Daha isim koymadık ama yakında o da olur. Arkadaki apartmanın el değmemiş bahçesine girip ot topluyorum sabahları. Geldiklerinden beri hızla geliştiler.. Tavuklarımızı beş yıldır tavuk besleyip Sussex cinsi İngiliz tavuk satan ufak çaplı bir besiciden aldık. Sussex, yumurtacı bir cins olarak biliniyor. Bize söylendiğine göre bir ay sonra felan yumurta vermeye başlayacaklar. Tabii ikisi de tavuk çıkarsa komşu %90 tavuk ama nolur nolmaz dedi, eğer öyle olursa bir de horoz alacağız yanlarına..
Yaptığımız kümeste kullandığımız tele tavukların takılabileceklerini söyledi aldığımız kişi bizde yan tarafını yeşil demir çitle sardık üstteyse renkli ve az boşluklu kalın çıkma bir ağ kullandık. kullanmaya devam ettik. Böylece zero budget olmaktan çıktık ama tavuklarımız takılmaktan kurtuldu.(önceki hali için)
Mutfakta tıkırtımızı duyunca hemen ses çıkartmaya başlıyorlar. Kendi kendilerine yuvalarına girip çıkıyorlar. Eğer biri böcek yakalarsa bahçeden büyük bir koşuşturma yaşanıyor.
Bahçenin en güzel tarafı gözlem yapmak bu günlerde. Ektiğimiz tohumlardan ses seda yok hala, sanıyoruz ki havaların bir iyi bir kötü gitmesi tohumları kötü etkiledi ya da tohumlar için ( en azından bizim ektiklerimiz için) uygun zaman daha gelmedi. Onlar gelmedi ama farklı tohumlar çıkmaya başladı. Mesela geçenlerde ön bahçenin kenarında şöyle bir şey görüldü. Çam olduğu konusunda tahminler var ama tabi ki bilemiyoruz.
Genellikle yeni şeyler çıkarken, zaman içinde öğrenmiş olduğumuz bazı bitkiler de vakitlerini tamamlayıp, tohum verdiler ve kurumaya başladılar.. Geçenlerdeyse toprağa olan faydaklarını yeni keşfettiğim ve adada kendiliğinden çıkan ve çoğalan karakafes otunu getirdik bahçeye. Daha belli olmaz ama sanıyorum ki tuttu. Ayva ağacının yanına ektim. Umarım ikisi birlikte mutlu mesut yaşarlar. Bu arada kompost tabiki hızla çürümeye devam ediyor.. Ancak daha hasat edebileceğimiz konuma gelmedi.. 

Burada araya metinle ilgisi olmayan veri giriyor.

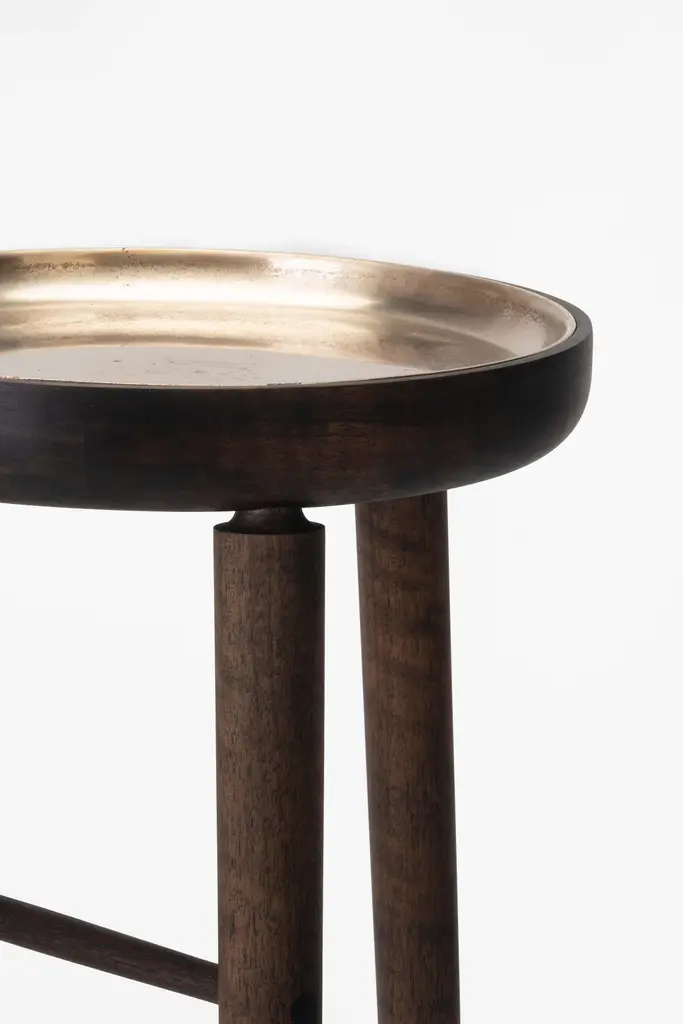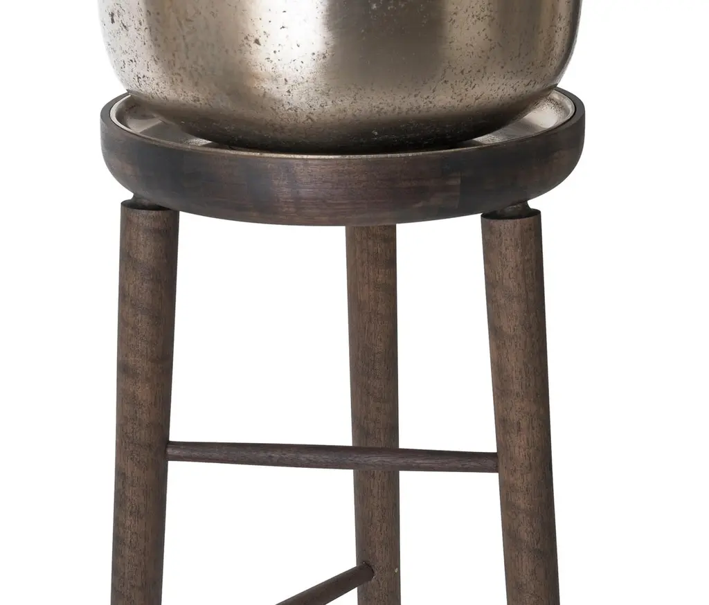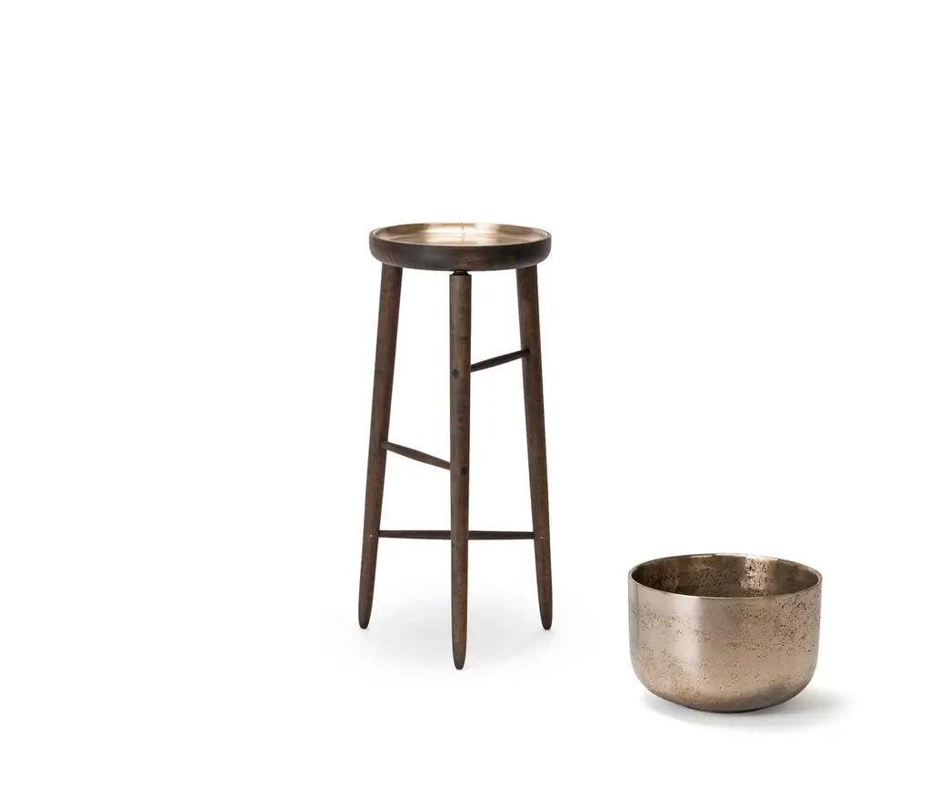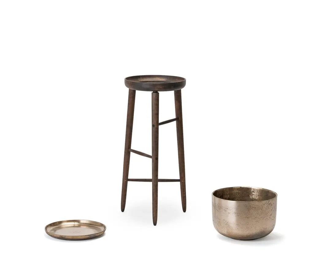 Baré Tall Planter, Walnut With Cast Bronze Tray And Planter

Bu hafta kopan fırtına ve yağan yağmur toprağı yeniden besledi.Sanırım sabaha karşıda dolu yağmış ve bazı bitkileri biraz hırpalamış. Ancak bahçe biraz kapalı bir alanda kaldığından sanırım fazla bir hasar olmamış. Bazı çiçeklerimizi (şu an adını unuttuk yazamıyoruz :)) bit bastı. bütün gövdeyi sardılar nerdeyse. Hem biraz gözlemlemek istediğimizden hem de vakitsizlikten hala arap sabunlu suyla ya da başka bir şeyle müdahale etmedik. Ya ederiz ya etmeyiz hatta. Ama ilk fırsatta kompost çayı yapıp bahçeyi sulamayı planlıyorum.
Bu sırada yaptığımız kompost istasyonları da işlemekte. altında bir sürü canlı yaşıyor. İçine girip çıkıyorlar ve bir yandan da soğanlar büyüyor:)
Geçen hafta, bazı tohumlarımızı da boş kalan saksılara ektik. Şu an hala gelişme göstermediler. Ama bir yandan hiç bir şey yapmadan topraktan bile değil duvarın dibinden çıkan misafirlerimiz oldu.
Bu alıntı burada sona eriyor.